Shares in i3 Energy dropped this morning after the North Sea oil and gas explorer revealed plans for a secondary listing.
The firm is trying to raise funds for an appraisal drilling on its licences in the outer Moray Firth in summer.
It did not specify which stock exchange would be chosen, but plans to list by April 30.
The firm is already listed on the London Stock Exchange, where its share dipped 8.59% to 9.05p in early trading.
Based in Westhill, near Aberdeen, i3 also announced it had contracted Fugro for a site survey on its Serenity and Liberator West structures.
Work started late last month and will finish this month.

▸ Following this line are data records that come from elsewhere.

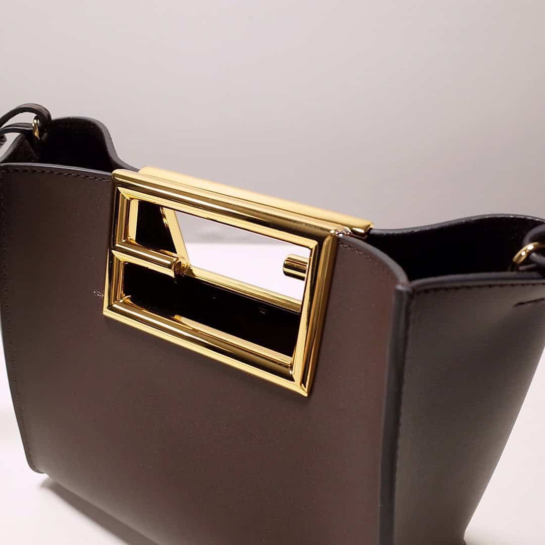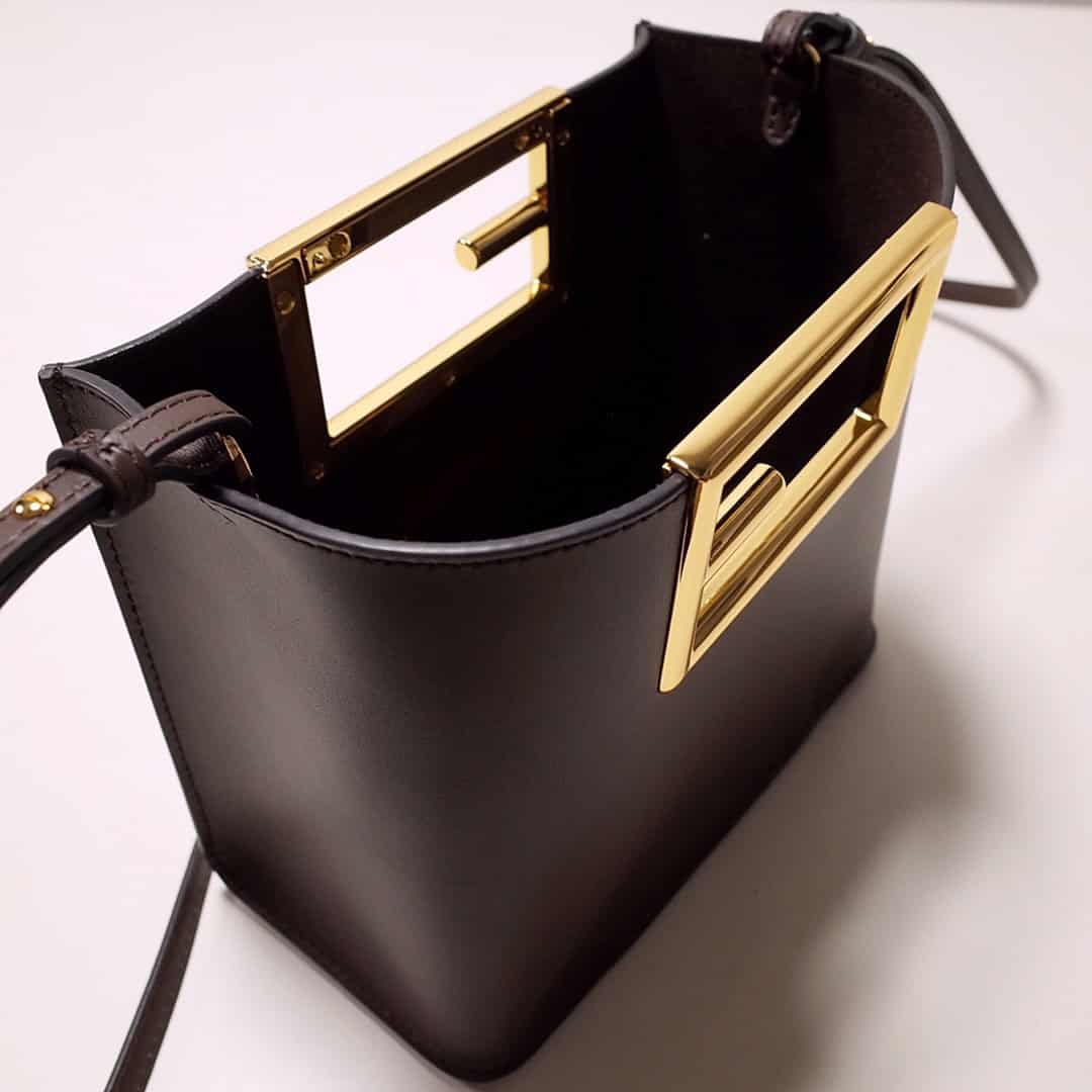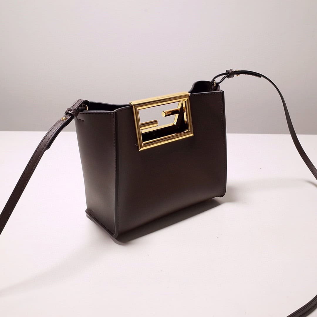 Small Fendi Way bag made of Dark Grey leather with oversize FF logo metal handles.
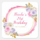 Pegatina Cuadrada Fiesta de cumpleaños de flores elegantes rosadas y
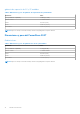 Tabla 12. Puertos de red relacionados con los dispositivos Modelo PowerStore X (continuación) Puerto Servicio 80 y 9000 Protocolo Dirección de acceso Descripción vSphere Web Access TCP Entrante Acceso para el plug-in de vSphere Update Manager Web Client para vSphere Web Client. 162 o entre 1024 y 49151 SNMP UDP Saliente Comunicaciones de SNMP. Si está cerrado, los mecanismos de alerta del sistema de almacenamiento que se basan en SNMP no se enviarán.
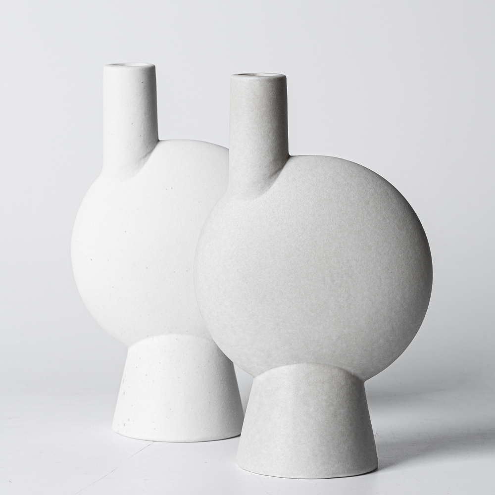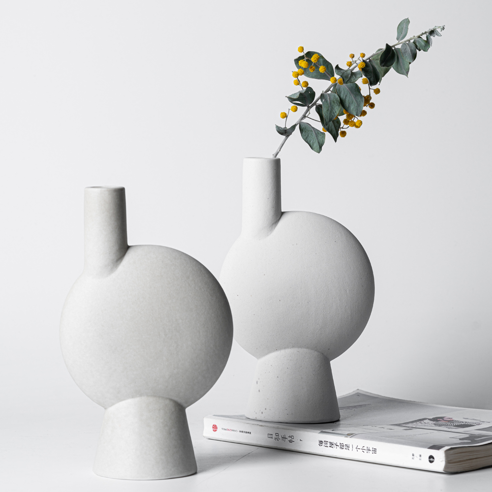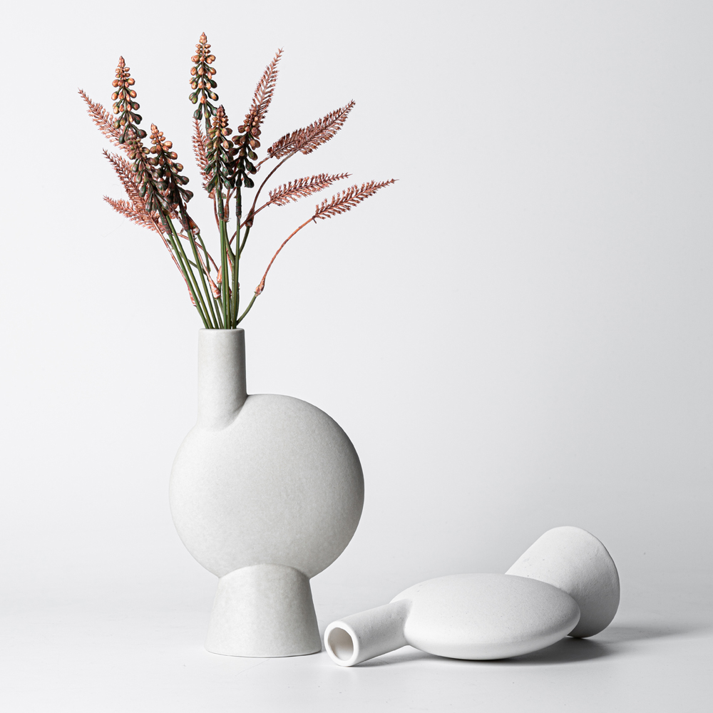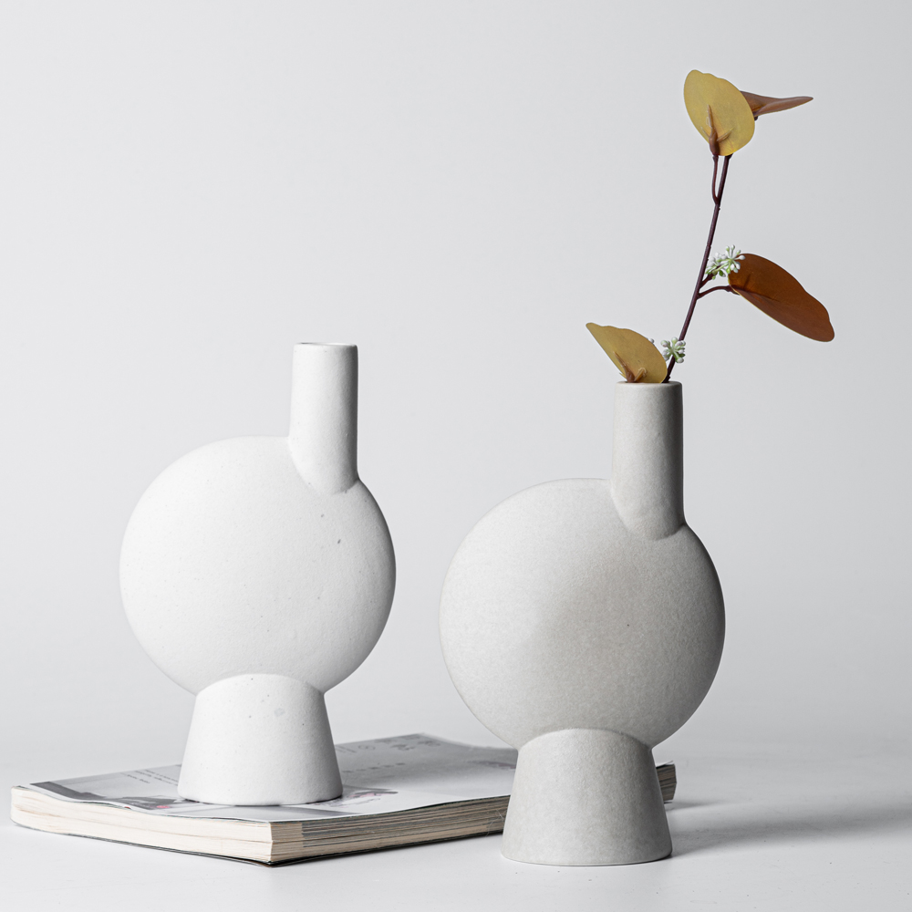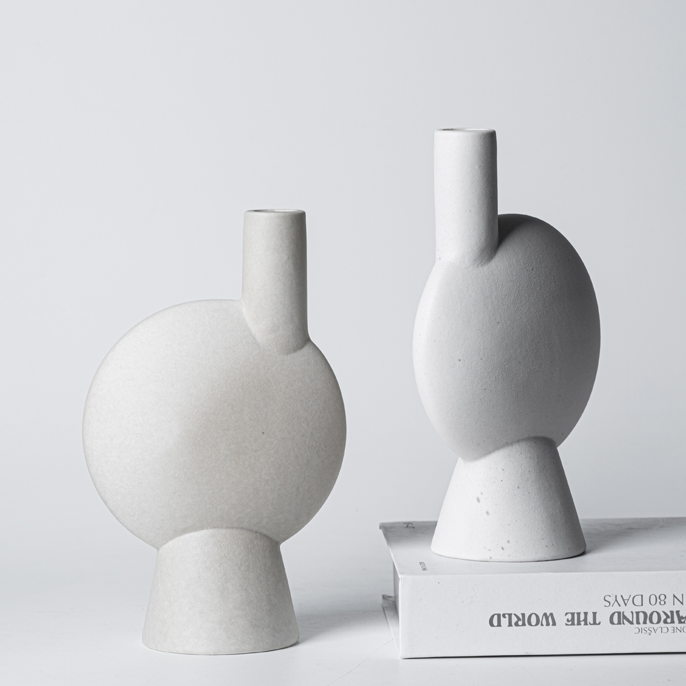 Discover our exquisite pair of minimalist white ceramic vases. Their sleek forms and earthy tones bring a touch of nature indoors. Ideal for showcasing fresh or dried plants, they effortlessly enhance any modern living space with understated elegance.
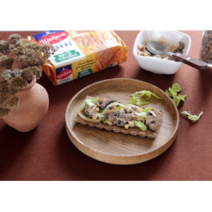 Заправить грибную начинку соусом, посолить, поперчить. Если есть грибной порошок, можно добавить в начинку для усиления вкуса. Выложить начинку на хлебцы "Щедрые" |
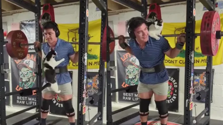 «Не расслабляйся»: кот помогает человеку бить рекорды в тяжелой атлетике
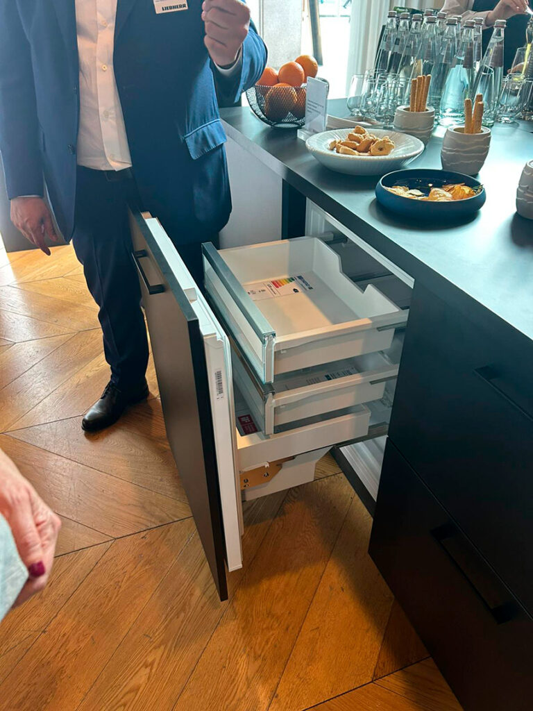 Uno de los pilares de la presentación es la iluminación, entendida como parte esencial del diseño. No se trata solo de ver mejor el interior de un frigorífico, sino de mejorar la experiencia de uso, guiar la atención y optimizar la eficiencia energética. Liebherr subraya su papel en la definición de materiales, en la creación de atmósferas y en la mejora de la eficiencia. Sistemas como torres de luz LED o iluminación adaptativa permiten una visibilidad completa del interior, incluso cuando está lleno, al tiempo que reducen el tiempo de apertura de puertas y el consumo energético.
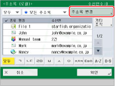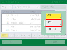 리모트 주소록 및 LDAP 서버를 둘 다 등록할 경우에만 [주소록 변경]이 나타납니다. 기기에 리모트 주소록만 등록된 경우에는 [리모트 주소록]이 표시됩니다.
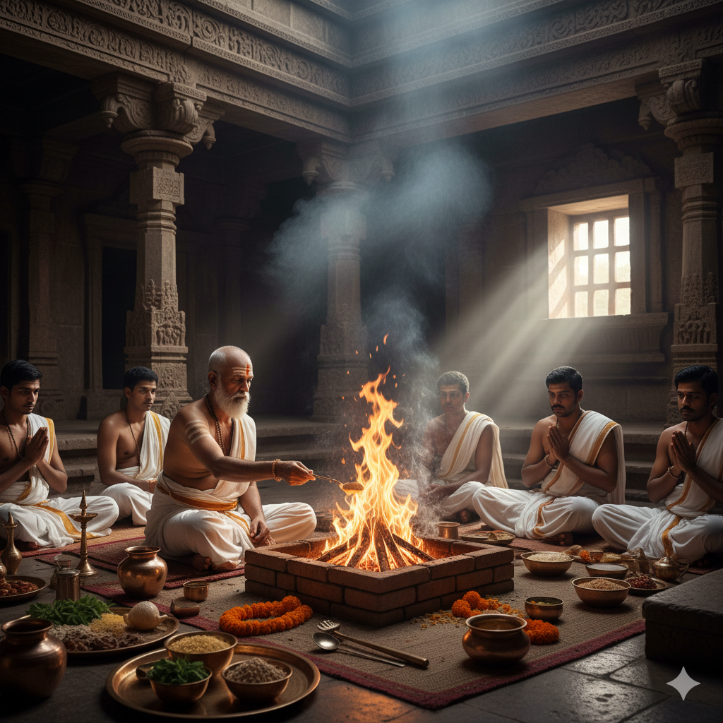 Expert in Yajurvedic rituals, guiding precise fire sacrifices, and performing complex ceremonial sequences during yagnas.
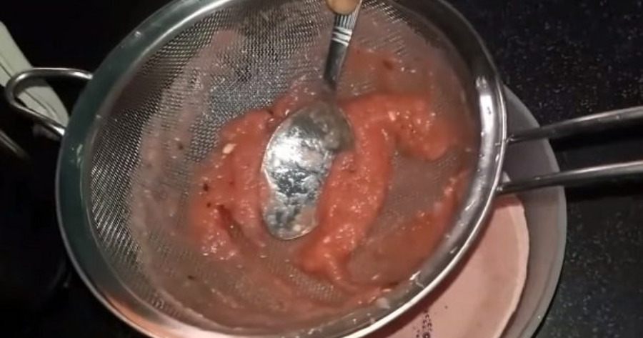Στη συνέχεια, πάρε ένα βαθύ μπολ και βάλε από πάνω το σουρωτήρι. Πέρνα τον πολτό σου για να μείνει μόνο ο χυμός και να αποφύγεις το παγωτό να έχει κουκούτσια.
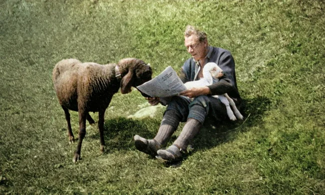 Мужчина читает газету в присутствии двух овец, 1939 год.
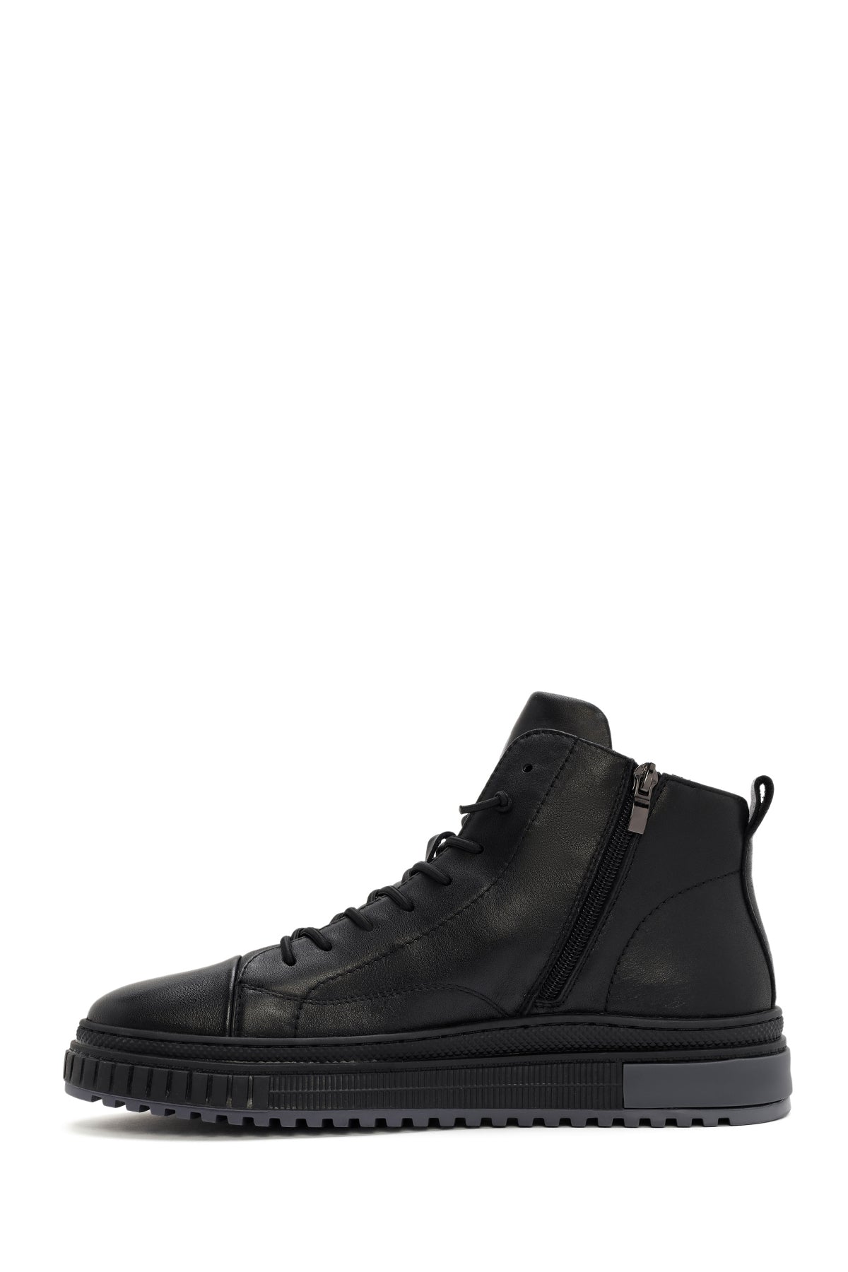 Erkek Siyah Fermuarlı Deri Spor Bot

The survey will cover acreage omitted in last year’s site survey, making sure all potential drilling locations “remain targetable” for the drilling campaign, which remains subject to funding being secured.
Two wells drilled on Liberator last year did not meet i3’s expectations, but the latter showed potential in Minos High, or Liberator West, to the west of the licence area.
The company said last month that the entire Liberator structure could have about 400 million barrels of oil in place.
But i3 has higher hopes for nearby Serenity discovery, thought to contain 200m barrels.
I3 thinks Serenity is connected to the nearby Tain oilfield, which Repsol Sinopec Resources UK is assessing as a development option.
Majid Shafiq, chief executive of i3 Energy, said: “The team is very much looking forward to conducting a high-impact drilling campaign starting in late summer, and the ongoing site survey being conducted by Fugro will ensure we have the data required to appraise anywhere within the mapped extents of Serenity or Liberator.”